→ **EXERCISE AIM**
Every line from the one with "SIMLOVEYO Mature Women" up to and including the one with "Blue Organza Embroidery, Cut" is to be output exactly as it appears below; pictures are not.

→ **DATA SUPPLIED**
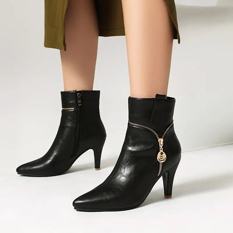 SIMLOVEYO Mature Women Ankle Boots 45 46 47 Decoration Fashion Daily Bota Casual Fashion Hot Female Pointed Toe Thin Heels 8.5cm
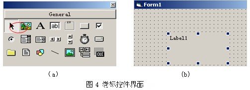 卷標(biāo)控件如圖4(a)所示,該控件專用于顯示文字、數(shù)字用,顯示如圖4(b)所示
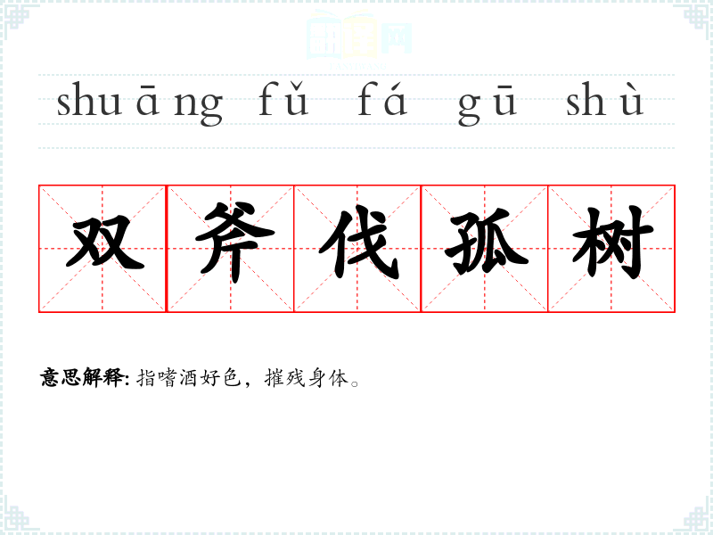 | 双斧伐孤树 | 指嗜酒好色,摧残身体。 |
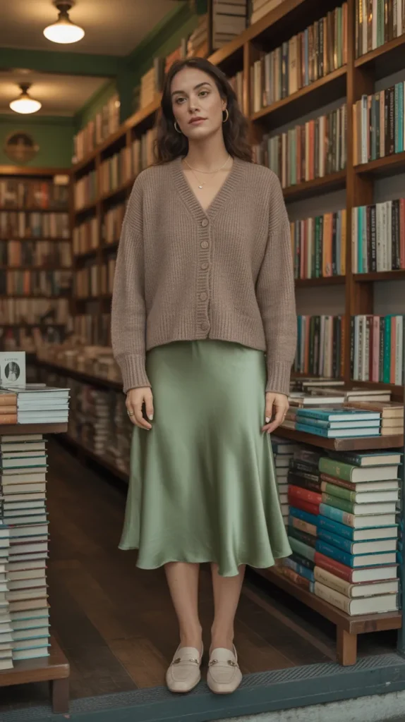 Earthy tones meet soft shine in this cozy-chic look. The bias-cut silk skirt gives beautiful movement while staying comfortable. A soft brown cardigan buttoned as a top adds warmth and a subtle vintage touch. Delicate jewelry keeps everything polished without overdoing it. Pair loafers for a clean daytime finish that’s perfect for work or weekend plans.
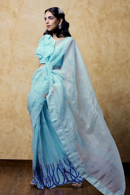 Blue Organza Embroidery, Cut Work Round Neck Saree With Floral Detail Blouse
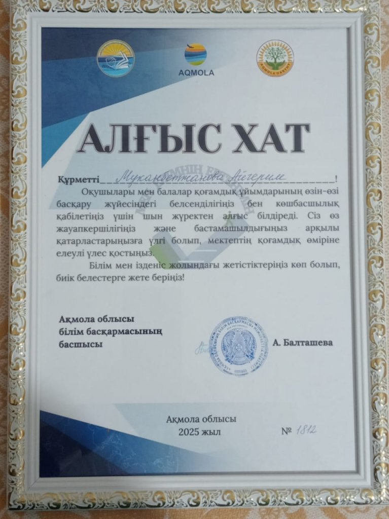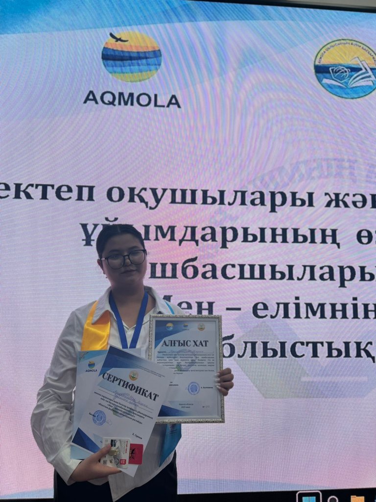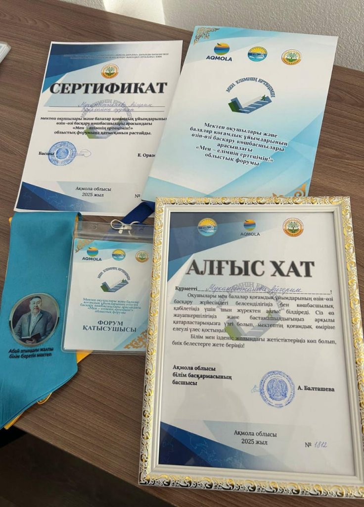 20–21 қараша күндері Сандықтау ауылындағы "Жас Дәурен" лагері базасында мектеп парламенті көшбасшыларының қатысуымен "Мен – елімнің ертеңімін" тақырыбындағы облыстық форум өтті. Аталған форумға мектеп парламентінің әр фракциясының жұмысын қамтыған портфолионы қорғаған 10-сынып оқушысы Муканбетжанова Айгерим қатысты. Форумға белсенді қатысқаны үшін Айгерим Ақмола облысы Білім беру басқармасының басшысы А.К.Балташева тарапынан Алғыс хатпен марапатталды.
...
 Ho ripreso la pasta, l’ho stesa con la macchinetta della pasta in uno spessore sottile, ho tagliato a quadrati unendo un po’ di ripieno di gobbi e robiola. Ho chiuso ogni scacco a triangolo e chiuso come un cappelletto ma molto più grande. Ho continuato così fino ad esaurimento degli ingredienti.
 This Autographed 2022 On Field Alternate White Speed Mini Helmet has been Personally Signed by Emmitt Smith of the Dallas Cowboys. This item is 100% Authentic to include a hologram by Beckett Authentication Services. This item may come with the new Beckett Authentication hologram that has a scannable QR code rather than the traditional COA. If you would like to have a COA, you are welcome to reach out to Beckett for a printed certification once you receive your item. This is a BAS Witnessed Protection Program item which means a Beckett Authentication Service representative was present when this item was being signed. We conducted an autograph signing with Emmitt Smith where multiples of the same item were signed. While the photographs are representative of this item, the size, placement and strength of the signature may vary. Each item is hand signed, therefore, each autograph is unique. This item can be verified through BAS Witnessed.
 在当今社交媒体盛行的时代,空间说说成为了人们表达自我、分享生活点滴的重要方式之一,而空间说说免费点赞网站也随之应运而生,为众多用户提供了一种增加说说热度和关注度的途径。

→ **COMPLETED EXERCISE**
 SIMLOVEYO Mature Women Ankle Boots 45 46 47 Decoration Fashion Daily Bota Casual Fashion Hot Female Pointed Toe Thin Heels 8.5cm
 卷標(biāo)控件如圖4(a)所示,該控件專用于顯示文字、數(shù)字用,顯示如圖4(b)所示
 | 双斧伐孤树 | 指嗜酒好色,摧残身体。 |
 Earthy tones meet soft shine in this cozy-chic look. The bias-cut silk skirt gives beautiful movement while staying comfortable. A soft brown cardigan buttoned as a top adds warmth and a subtle vintage touch. Delicate jewelry keeps everything polished without overdoing it. Pair loafers for a clean daytime finish that’s perfect for work or weekend plans.
 Blue Organza Embroidery, Cut Work Round Neck Saree With Floral Detail Blouse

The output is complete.